I will be honest—I started to complain. I found myself talking more about what went wrong than what was still right. The truth is, when everything seems to be falling apart, gratitude feels like a foreign language.
However, this morning, I came across a quote that hit me square in the chest:
“Gratitude turns what we have into enough.”
It reminded me that no matter what is stripped away, I still have reasons—small, sacred reasons—to give thanks.

Life Is Not Supposed to Be Easy
Let us be real for a moment. Life is supposed to hurt sometimes. Growth does not come from comfort. Instead, it comes from disruption, loss, and heartbreak. Those seasons where everything seems to unravel? They are often where God is silently doing His best work.
The pruning hurts. Nonetheless, it is necessary. Because when the noise quiets and the dust settles, you see what is real. You realize who you are, what matters, and who was never meant to stay.
Gratitude as a Survival Strategy
Gratitude does not erase the pain. It anchors you despite it. It is the voice that says, “Yes, it’s hard, but I’m still here.” It is noticing the sunlight through the blinds, the laughter of someone you love, or the peace in a single quiet moment when the world finally stops spinning.

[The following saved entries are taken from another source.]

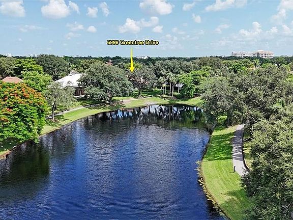 Welcome to your very own luxury oasis! This home is located on one of Pelican Bay's most prestigious streets, Greentree Drive. A rarely available home site that offers stunning and private southern long lake views. Beautifully remastered with high vaulted ceilings throughout the main living areas. The desirable open concept floor plan features split bedrooms for privacy. Each living area flows seamlessly from one open area to the next. Including 4 bedrooms plus an enclosed den/office, 3.5 beautiful bathrooms, and 3,071 square feet of living space under air. The tall french front doors open to an elegant interior graced by wide plank blonde hardwood flooring, high ceilings, quartzite countertops, white shaker cabinetry, gourmet kitchen appliances, a wet bar with pass through window to the covered lanai, a stone wall fireplace, and the list goes on! Tasteful neutral tones throughout the home create a perfect, sophisticated ambiance. The inviting backyard features a screened-in sparkling pool, spa, and covered seating area. Enjoy peace of mind knowing this home is NOT in a flood zone and is fully protected with impact windows & doors throughout, and electric shutters along the back of the residence.
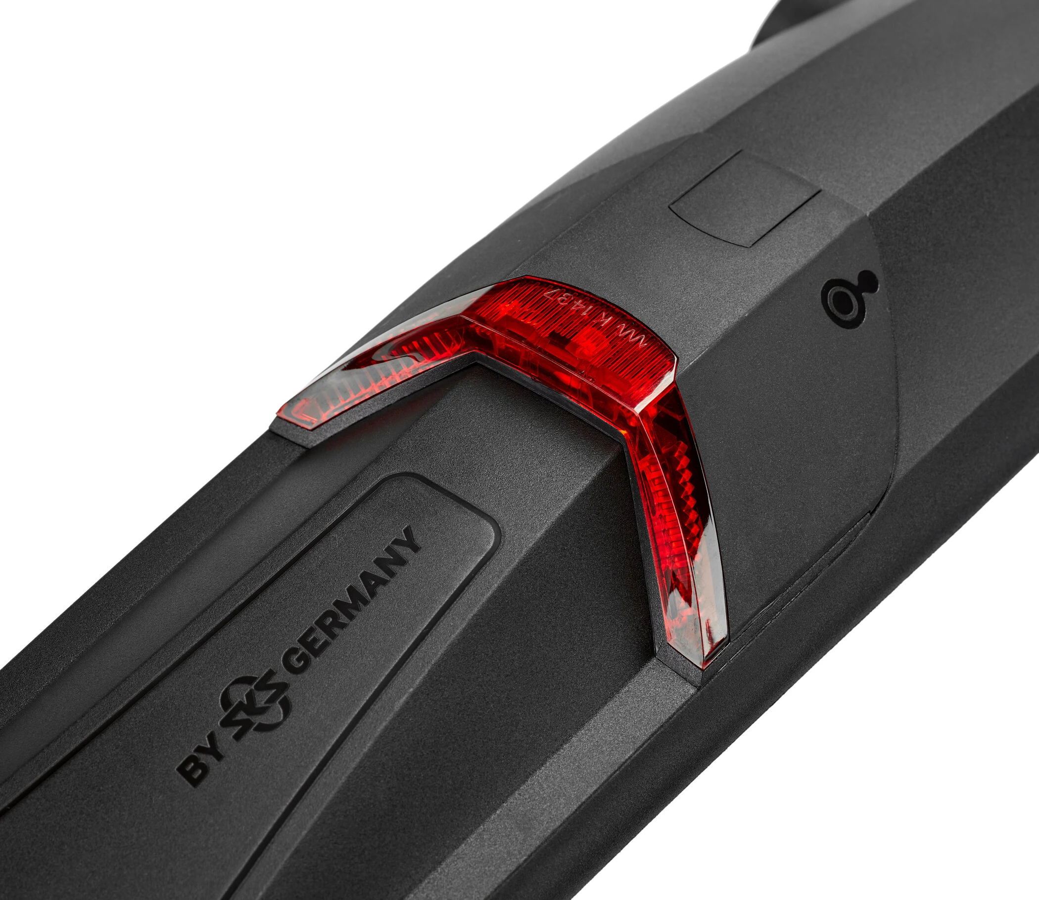 Mit dem innovativen MonkeyLink-System können 2-Komponenten-Radschützer einfach und sicher befestigt werden. Magnetische Halterungen machen die Montage kinderleicht. Besonders praktisch: Die integrierte Beleuchtung im hinteren Radschutz übernimmt die Funktion des Rücklichts. Mit der MonkeyLink Recharge-Version profitieren auch herkömmliche Fahrräder von der smarten Verbindung. Der SKS GERMANY-Radschutz ist für übliche Mountainbike-Bereifungen sowie Mountainbike Plus-Bereifungen geeignet und kann durch die variable Einstellmöglichkeit für jede Rahmengeometrie genutzt werden.
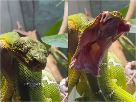 Snake Yawn Viral Video: सोशल मीडिया पर कब कौन सा वीडियो वायरल हो जाए, इस बात का अंदाजा लगा पाना बेहद मुश्किल होता है. इन दिनों यूजर्स को कुछ हैरतअंगेज और रोमांच से भरे वीडियो बेहद पसंद आ रहे हैं. हाल ही में एक ऐसा ही वीडियो सोशल मीडिया पर सामने आया है, जिसमें काफी खतरनाक सांप को देखा जा रहा है. जिसकी हरकत को देख यूजर्स की आंखें खुली की खुली रह गई हैं.
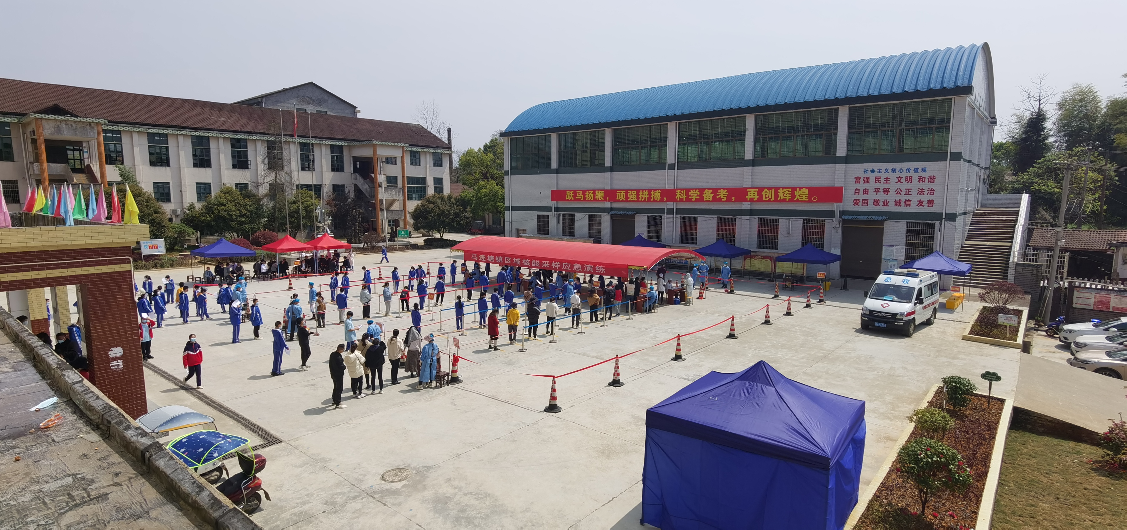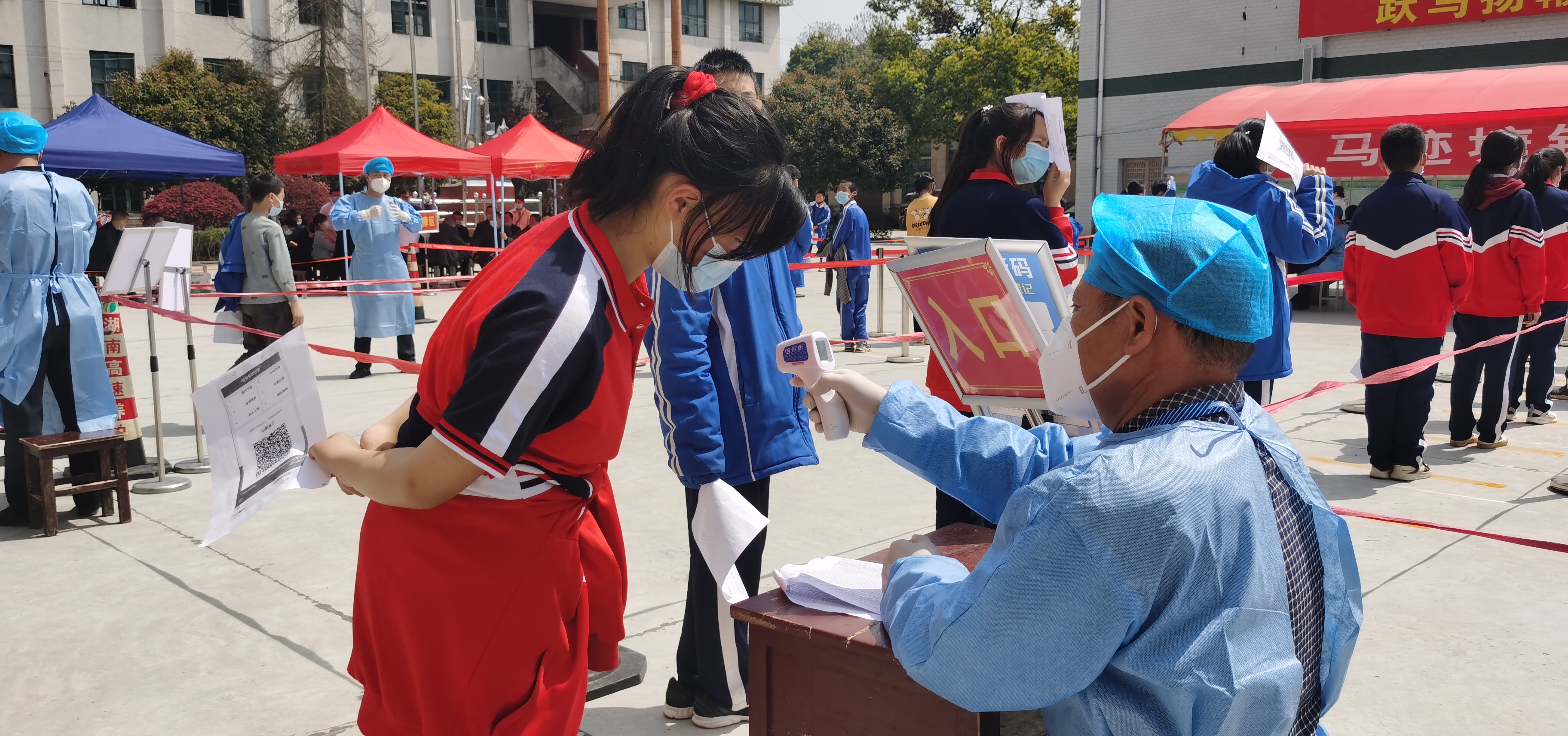 4月2日下午,由马迹塘镇党委政府举办、桃江县第三人民医院和马迹塘镇中心学校承办的区域核酸检测应急演练在马迹塘镇中学举行。
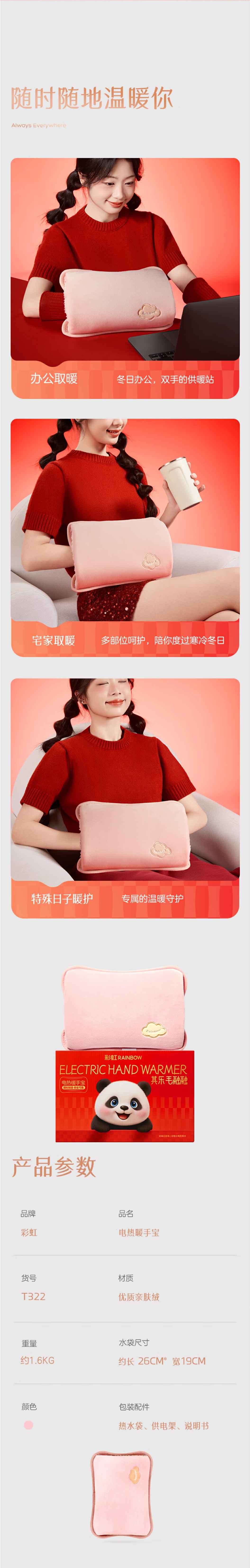 彩虹(rainbow)免洗亲肤绒插手电热暖手宝粉色 T322-F (单位:个)
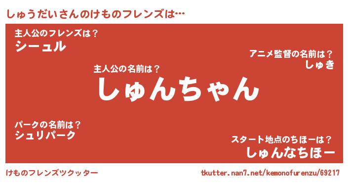 | ヘコむあだ名 | 『しゅっふぃ~』『しゅうだい(笑)』 |
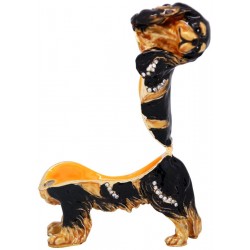 Hand sculpted & enamelled this high quality, jewelled King Charles trinket box is a part of deva Australia’s large range of ornate dog figurines, which are hand cast in metal to create exquisite trinket boxes, inspired by Fabergé style trinket boxes. Each deva Australia collectable trinket box, is skilfully sculpted to bring out life like characteristics. Hand painted fine enamels that mimic natures exquisite and vibrant palette; artistically hand-set Austrian Crystal embellishments and 18 K gold or silver plated trims, finish each piece to make it a treasured collectible or keepsake.
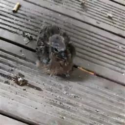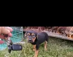 后腿比较短,骨骼和肌肉强壮,角度适中;从后面看,后躯笔直。狼爪可能已经切除。足爪与前肢相同。缺点与前肢同。
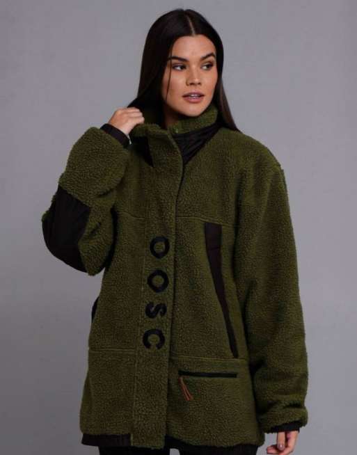 OOSC - Veste polaire en imitation peau de mouton - Kaki/noir
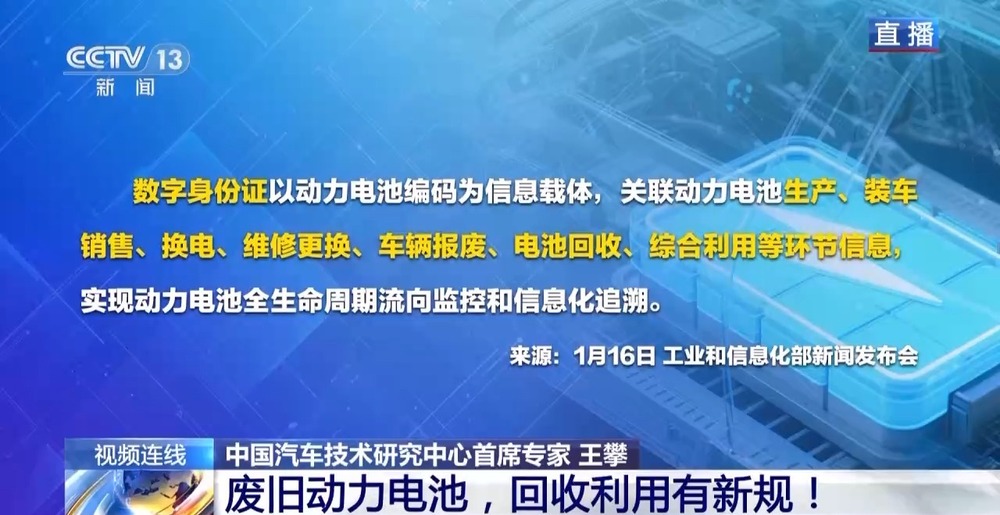 工业和消息化部节能与归纳欺骗司司长 王鹏:实在来说,数字身份证以动力电池编码为消息载体,合系动力电池分娩、装车贩卖、换电、维修更调、车辆报废、电池接受、归纳欺骗等合头消息,达成动力电池全性命周期流向监控和消息化追溯。可能说,将数字工夫运用于动力电池全流程溯源束缚是《束缚设施》的一项要紧轨制革新。

Sometimes, maintaining gratitude means protecting your peace at all costs. If that requires you to pull away from negative energy, then do it. If it means sitting alone for a while to heal, then do it. If it means deleting, blocking, or walking away from what drains you, then absolutely do it.
You cannot pour from an empty cup. Gratitude is one way of slowly refilling it.

The Takeaway
You may not see the rainbow right now, but the storm will pass. Gratitude does not mean pretending everything is okay; it means choosing to believe that, one day, it will be.
So even if today hurts, whisper a quiet “thank you.”
Thank you for another sunrise.
Thank you for the lesson.
Thank you for the strength I did not know I had.
Because gratitude is not just about what is good. Gratitude is how we hold on when life is not.